Eastern Medieval Pala Art

The period between the eighth and twelfth centuries in Bihar witnessed the rise of a great school of stone and bronze sculpture and manuscript painting under the patronage of the Pala kings. Nalanda in Magadh was the principal center of production. The Tibetan tradition, as recorded by Taranath, names Dhiman and Bitpalo as being the founders of the schools of cast-metal images, sculpture and a painting during the reigns of Dharmapala and Devapala. The Eastern School of Sculpture shows distinct signs of being a direct descendant of the plastic art of the Gupta period and in it were embodied and perpetuated the eastern features of the classical tradition, features like elegance, dignity, precision and sensuous serenity. In the eighth century, this sculpture exhibits a distinctive linear tendency mingled with a firm cut line and tight modeling.

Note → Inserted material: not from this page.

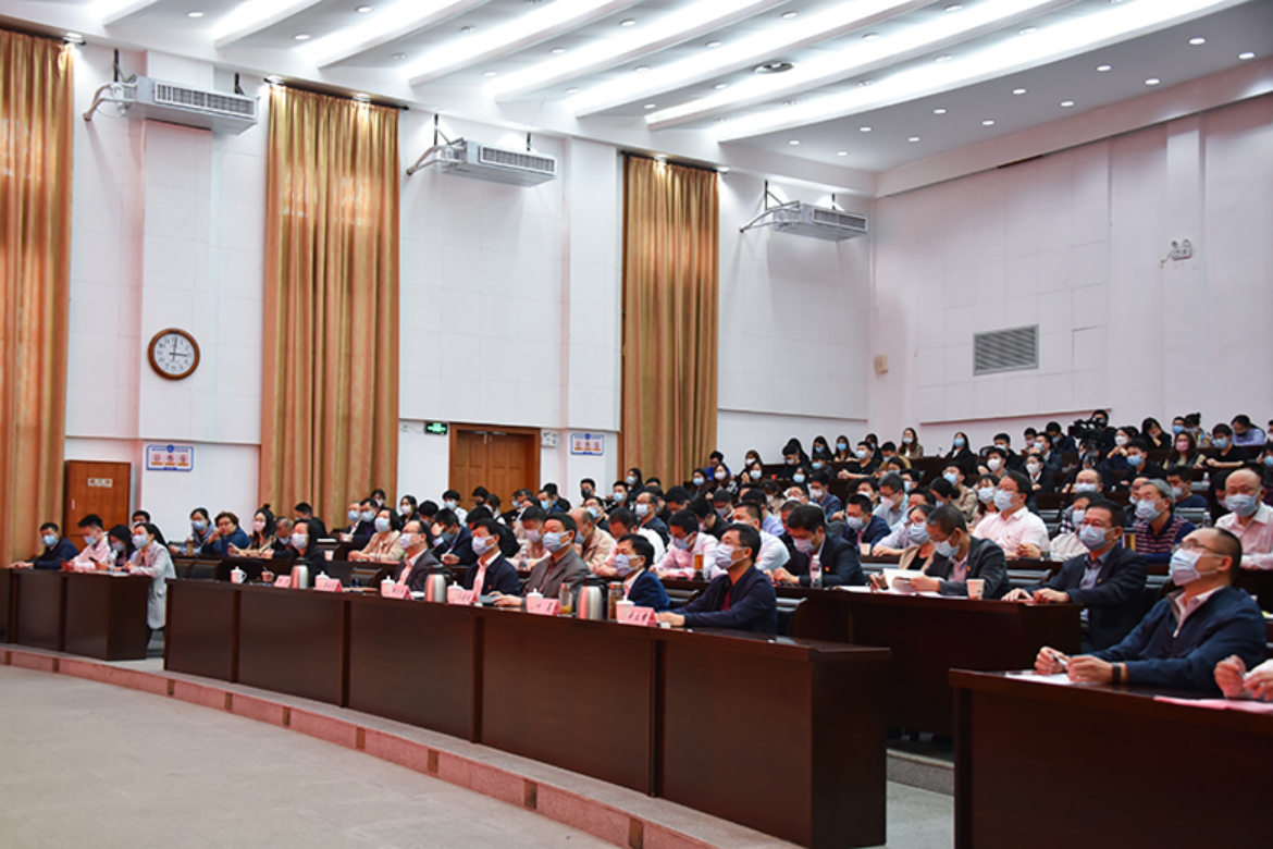 时值习近平总书记视察广西“4·27”重要讲话精神一周年之际,为更好地学习领会习近平总书记关于广西工作的“四个新”总要求,进一步激发全校各级党组织和广大师生干事创业活力,4月22日下午,学校在屏风校区图书馆报告厅举行学习领会习近平总书记视察广西“4·27”重要讲话精神一周年纪念研讨会,并以网络形式进行同步直播。学校党委副书记、校长解庆林,党委副书记齐俊斌出席会议。学校党委各职能部门负责人,各二级单位党组织负责人,基层党支部、团支部书记代表,教职工代表参加会议。

The ninth-century at pieces reveal both simplicity and restraint; in the tenth century they reveal elegance, sublimity and sobriety, but in the eleventh, they show traces of exhaustion and decline and emphasize detail at the expense of plastic conception'. This tendency is further accentuated in the twelfth century.
The Eastern school produced, besides a fair quantity of Vaishnava images, a series of bronze figures along with stone sculpture. Nalanda and Kurkihar were the main centers where the bronzes of the period were produced between the ninth and eleventh centuries. The art of metal casting attained a degree of excellence at Kurkihar (Kukkutapadagiri), a Buddhist center, and Nalanda unknown to other regions.